REQUIREMENT:
Your copy of the listing should match it exactly, only without pictures.

EXTRACTED DATA:
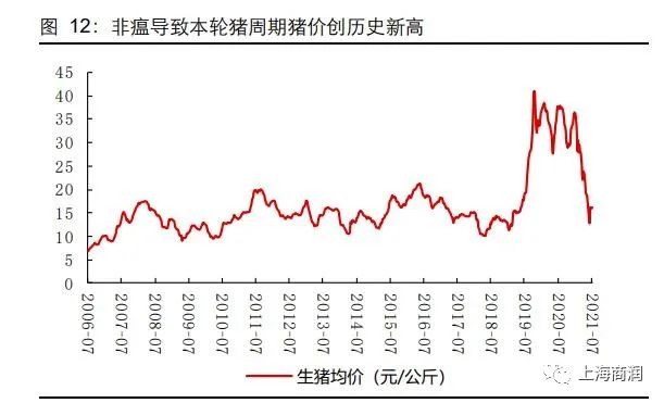 2)2019年2月以來的周期中,受非洲豬瘟影響,能繁母豬產能去化幅度創歷史新高,2019年10月全國能繁母豬存欄量同比最大降幅達到38.90%,生豬出欄量降幅同樣創歷史新高,2020年全國生豬出欄量較2018年減少24.04%,產能大幅去化使得豬價也達到創歷史的高度,2019年豬價最高達到40.98元/公斤,最大漲幅為262%;
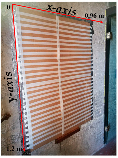 At the cross-hall leading to the Loggia, GPR data were collected on a surface of about 1 m2, whose side was 0.96 m along the x-axis and 1.2 m along y-axis, according to the coordinate reference system depicted in Figure 4. As Figure 4 shows, cardboard was applied on the investigated region during the measurement step. Data were gathered with a 0.01 m spatial offset by moving the antenna from left to right along the x-axis, and by considering 25 traces, spaced 0.05 m apart, along the y-axis.
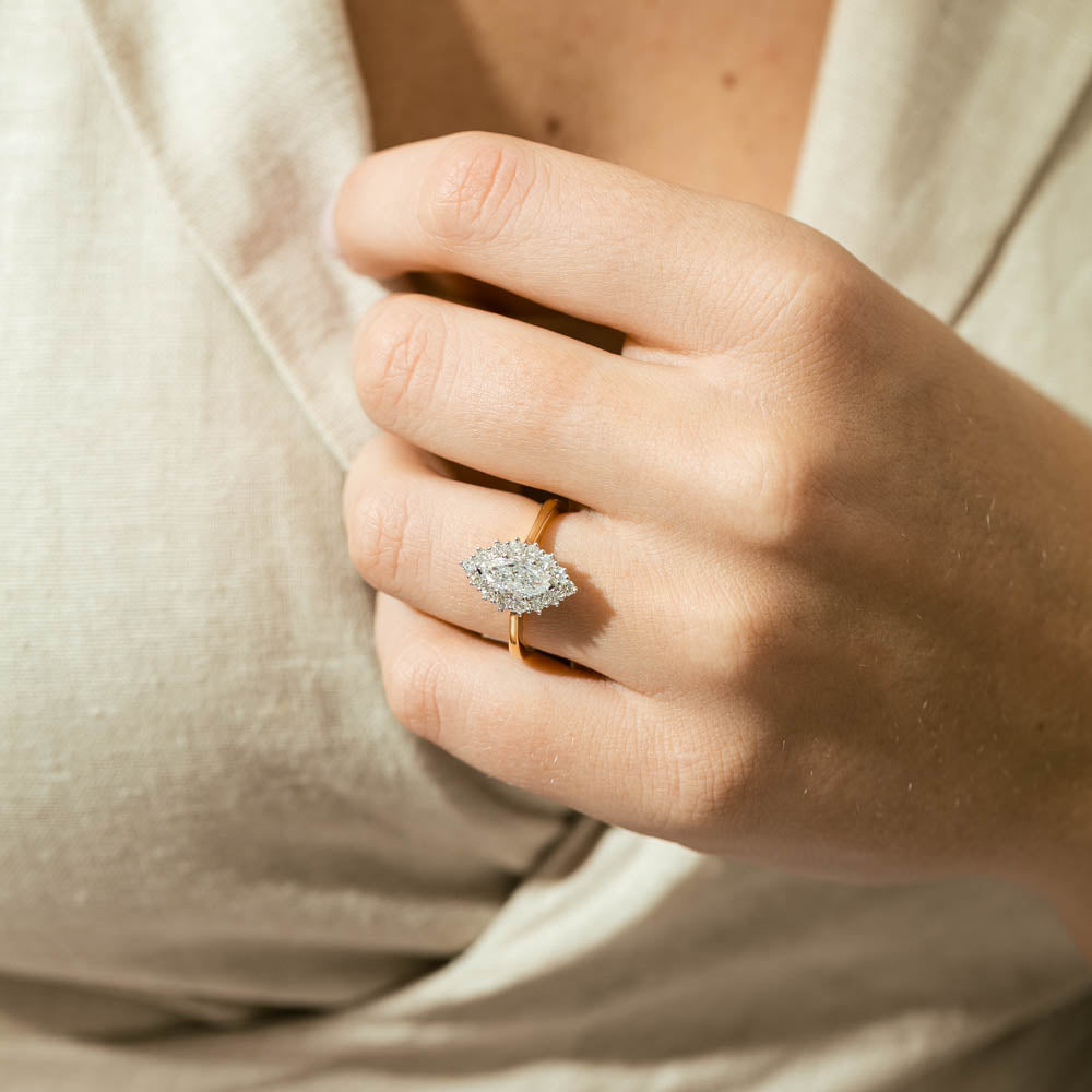 In the heart of the City of Light, where romance and refinement intertwine, lies the inspiration for Belle, our captivating halo design. With its French origins, Belle pays homage to the timeless elegance of Paris, with the demurely tapered shank guiding the eye towards a mesmerising centrepiece. Indulge in the charming beauty of Belle, for it holds the power to ignite unforgettable moments.
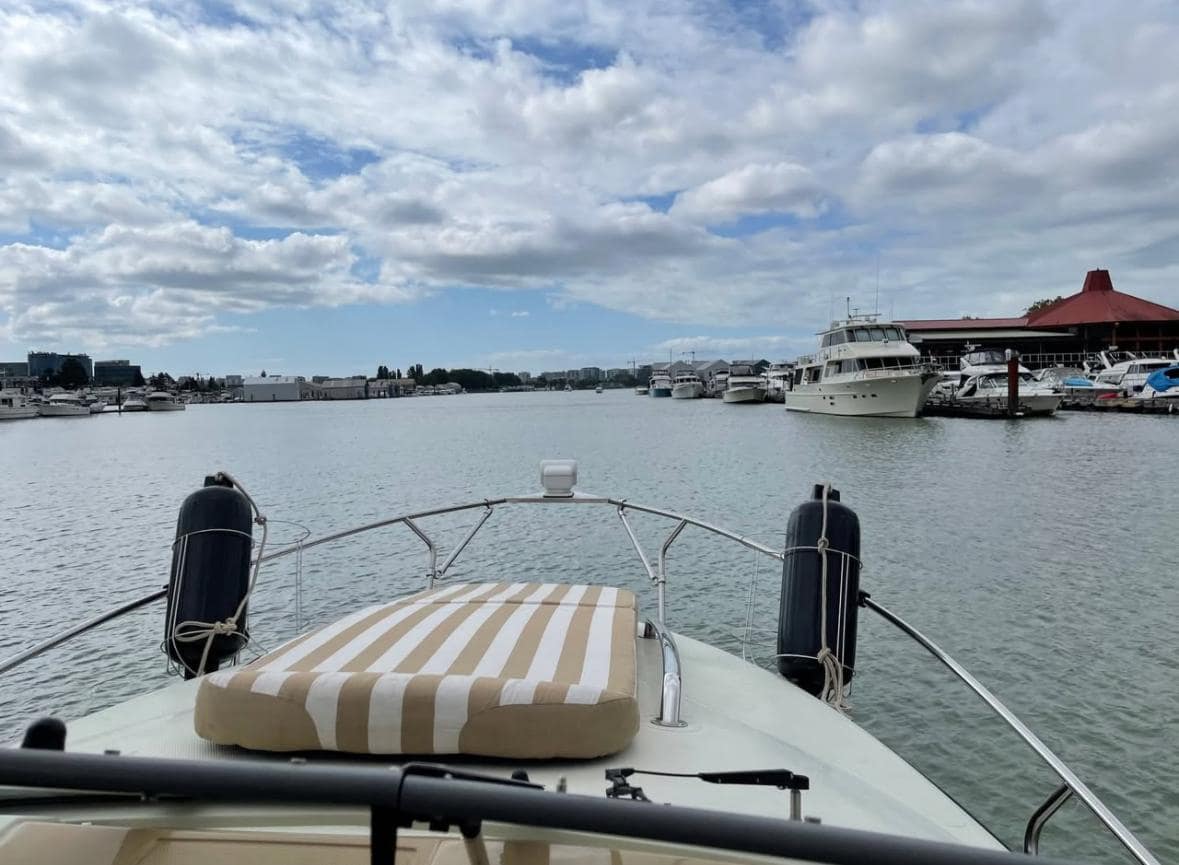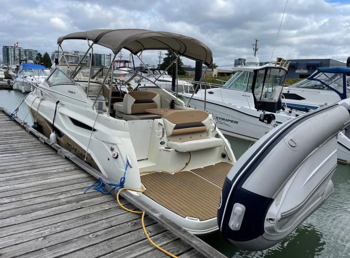 Its well-appointed interior includes a cozy forward seating area that converts to a V-berth and a full beam aft cabin, a fully equipped galley with glass cook top, perfect for weekend getaways.
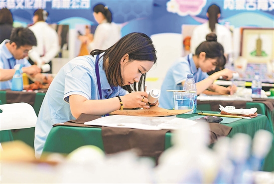 近日,在内蒙古呼和浩特市赛罕区金桥双创示范区,参赛选手在皮雕项目比赛中。
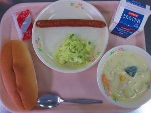 「ご飯 牛乳 とろほっけ冬霞焼き 五目ひじき ニラ玉汁 チーズドッグ」です。
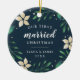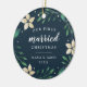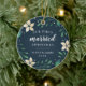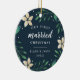 Célébrez votre premier Noël en couple marié avec cet ornement charmant et festif. Le design présente "Noël du premier marié" et l'année en lettres blanches, entourée de fleurs de poinsettia en ivoire et de feuillage vert de vacances sur un riche arrière - plan bleu marine. Ajoutez une photo à l'arrière avec des ornements botaniques de vacances assortis.
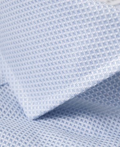 ■襟の表裏のパターンに差をつけ、コンパクトかつ構築的な襟を実現。品の良いドレスシャツの証である、首に巻きつくような内巻きフォルムは、匠によるいせ込み技術の成果です。
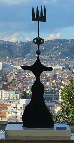Nach der Besetzung Frankreichs durch die deutschen Truppen während des Zweiten Weltkriegs im Jahr 1940 kehrte Joan Miró von seinem Zufluchtsort Varengeville-sur-Mer, wo er die Sommermonate seit 1938 verbracht hatte,[15] in sein Heimatland Spanien zurück und wohnte zunächst in Palma de Mallorca, ab 1942 in Barcelona in seinem Geburtshaus. Im Jahr des Todes seiner Mutter 1944 begann er zusammen mit seinem Freund, dem katalanischen Keramiker Josep Llorens i Artigas, den er aus Barcelona kannte, mit Keramikarbeiten. Artigas, der ebenfalls zusammen mit Raoul Dufy und Albert Marquet arbeitete, hatte Miró zur Keramik geführt.[16] Zudem schuf er erste modellierte Figuren kleineren Formats, die 1950 in Bronze gegossen wurden.[17]
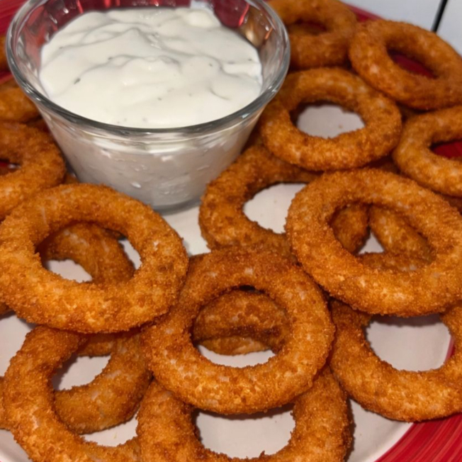 deliciosos aros de cebolla crujientes, acompañados de delicioso aderezo ranch
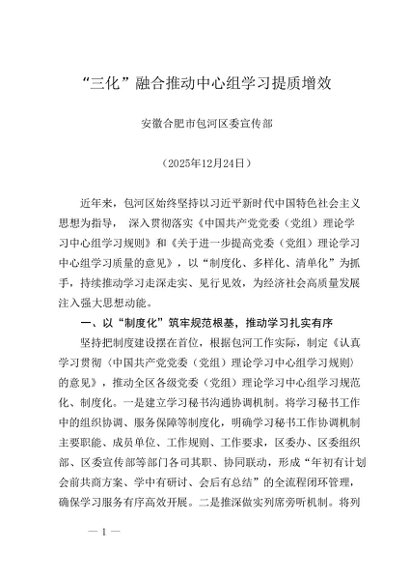 / 党组学习:20251224“三化”融合推动中心组学习提质增效——安徽合肥市包河区委宣传部
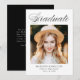 Elegant graduation announcement featuring "Graduate" displayed at the top in a black calligraphy script. The design features the graduate's photo with the graduate's name, school name, and graduation year shown below. The photo graduation announcement reverses to display optional text such as future plans, graduation party details, etc. The chic graduation announcement is perfect for announcing the graduation of both high school and college graduates.
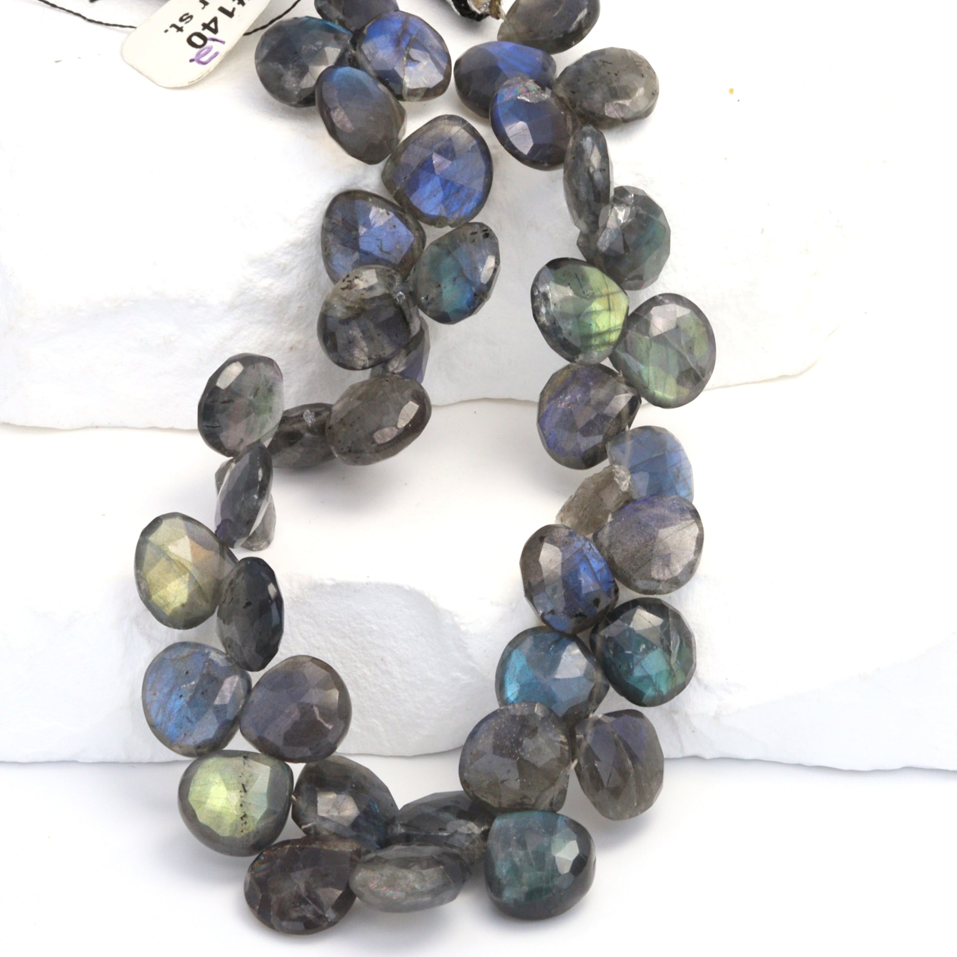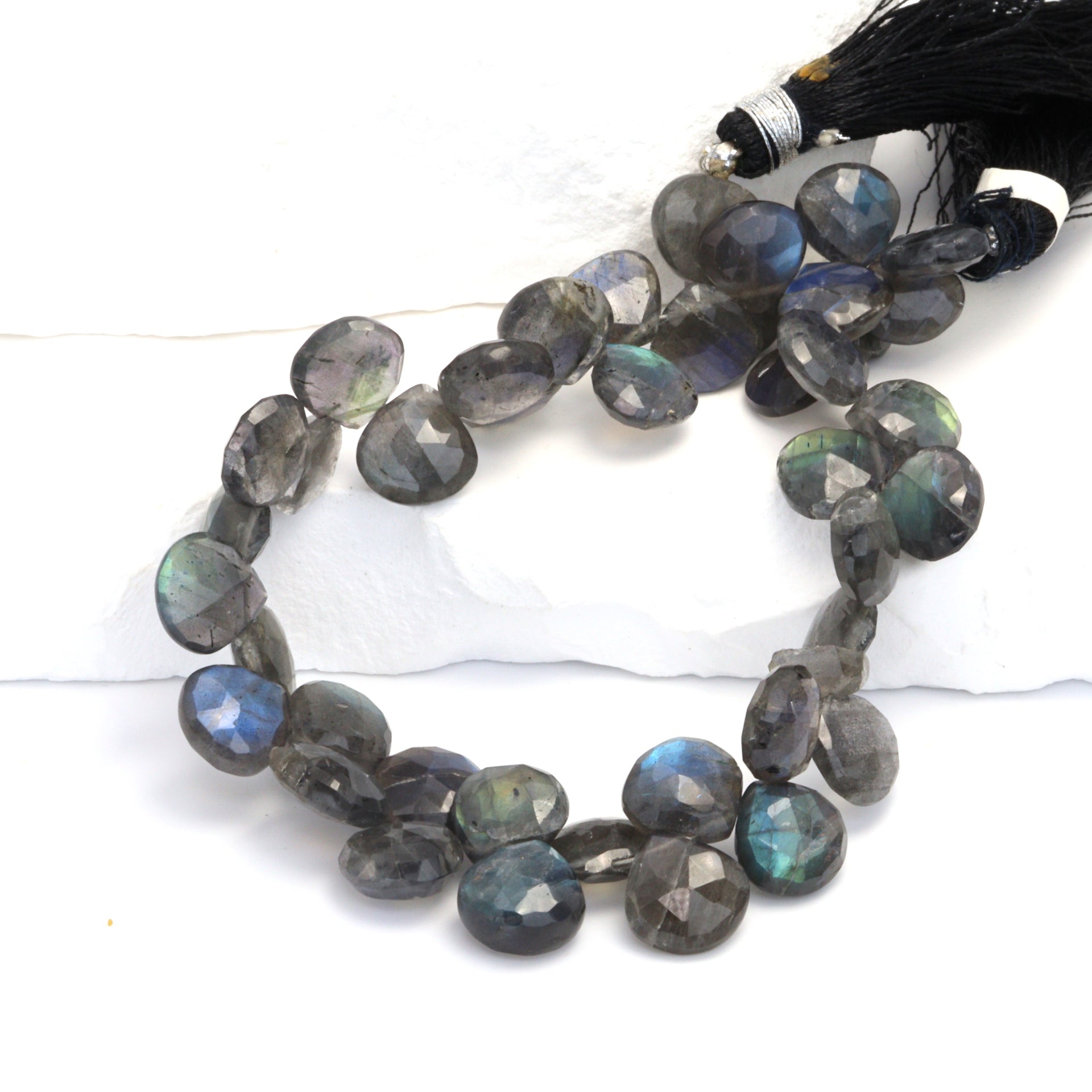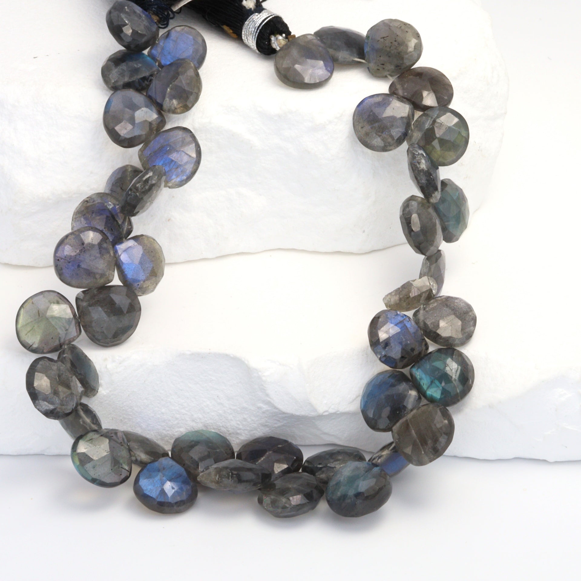 Discover the enchanting allure of our 8" Full Bead Strand of AA Dark Blue Labradorite Faceted Heart Shaped Briolettes. Each 10mm bead is meticulously crafted to showcase the captivating hues and shimmering iridescence of high-quality AA Labradorite. These dark blue gemstone beads, with their unique heart-shaped faceted design, are perfect for creating stunning, eye-catching jewelry pieces. As a trusted gemstone wholesaler, we ensure that every bead strand we supply is of the highest quality, promising durability and long-lasting beauty. Whether you're a jewelry designer or a jewelry store owner, these Labradorite beads will undoubtedly add a touch of elegance and sophistication to any jewelry collection.

EXERCISE SOLUTION:
 2)2019年2月以來的周期中,受非洲豬瘟影響,能繁母豬產能去化幅度創歷史新高,2019年10月全國能繁母豬存欄量同比最大降幅達到38.90%,生豬出欄量降幅同樣創歷史新高,2020年全國生豬出欄量較2018年減少24.04%,產能大幅去化使得豬價也達到創歷史的高度,2019年豬價最高達到40.98元/公斤,最大漲幅為262%;
 At the cross-hall leading to the Loggia, GPR data were collected on a surface of about 1 m2, whose side was 0.96 m along the x-axis and 1.2 m along y-axis, according to the coordinate reference system depicted in Figure 4. As Figure 4 shows, cardboard was applied on the investigated region during the measurement step. Data were gathered with a 0.01 m spatial offset by moving the antenna from left to right along the x-axis, and by considering 25 traces, spaced 0.05 m apart, along the y-axis.
 In the heart of the City of Light, where romance and refinement intertwine, lies the inspiration for Belle, our captivating halo design. With its French origins, Belle pays homage to the timeless elegance of Paris, with the demurely tapered shank guiding the eye towards a mesmerising centrepiece. Indulge in the charming beauty of Belle, for it holds the power to ignite unforgettable moments.
 Its well-appointed interior includes a cozy forward seating area that converts to a V-berth and a full beam aft cabin, a fully equipped galley with glass cook top, perfect for weekend getaways.
 近日,在内蒙古呼和浩特市赛罕区金桥双创示范区,参赛选手在皮雕项目比赛中。
 「ご飯 牛乳 とろほっけ冬霞焼き 五目ひじき ニラ玉汁 チーズドッグ」です。
 Célébrez votre premier Noël en couple marié avec cet ornement charmant et festif. Le design présente "Noël du premier marié" et l'année en lettres blanches, entourée de fleurs de poinsettia en ivoire et de feuillage vert de vacances sur un riche arrière - plan bleu marine. Ajoutez une photo à l'arrière avec des ornements botaniques de vacances assortis.
 ■襟の表裏のパターンに差をつけ、コンパクトかつ構築的な襟を実現。品の良いドレスシャツの証である、首に巻きつくような内巻きフォルムは、匠によるいせ込み技術の成果です。
Nach der Besetzung Frankreichs durch die deutschen Truppen während des Zweiten Weltkriegs im Jahr 1940 kehrte Joan Miró von seinem Zufluchtsort Varengeville-sur-Mer, wo er die Sommermonate seit 1938 verbracht hatte,[15] in sein Heimatland Spanien zurück und wohnte zunächst in Palma de Mallorca, ab 1942 in Barcelona in seinem Geburtshaus. Im Jahr des Todes seiner Mutter 1944 begann er zusammen mit seinem Freund, dem katalanischen Keramiker Josep Llorens i Artigas, den er aus Barcelona kannte, mit Keramikarbeiten. Artigas, der ebenfalls zusammen mit Raoul Dufy und Albert Marquet arbeitete, hatte Miró zur Keramik geführt.[16] Zudem schuf er erste modellierte Figuren kleineren Formats, die 1950 in Bronze gegossen wurden.[17]
 deliciosos aros de cebolla crujientes, acompañados de delicioso aderezo ranch
 / 党组学习:20251224“三化”融合推动中心组学习提质增效——安徽合肥市包河区委宣传部
 Elegant graduation announcement featuring "Graduate" displayed at the top in a black calligraphy script. The design features the graduate's photo with the graduate's name, school name, and graduation year shown below. The photo graduation announcement reverses to display optional text such as future plans, graduation party details, etc. The chic graduation announcement is perfect for announcing the graduation of both high school and college graduates.
 Discover the enchanting allure of our 8" Full Bead Strand of AA Dark Blue Labradorite Faceted Heart Shaped Briolettes. Each 10mm bead is meticulously crafted to showcase the captivating hues and shimmering iridescence of high-quality AA Labradorite. These dark blue gemstone beads, with their unique heart-shaped faceted design, are perfect for creating stunning, eye-catching jewelry pieces. As a trusted gemstone wholesaler, we ensure that every bead strand we supply is of the highest quality, promising durability and long-lasting beauty. Whether you're a jewelry designer or a jewelry store owner, these Labradorite beads will undoubtedly add a touch of elegance and sophistication to any jewelry collection.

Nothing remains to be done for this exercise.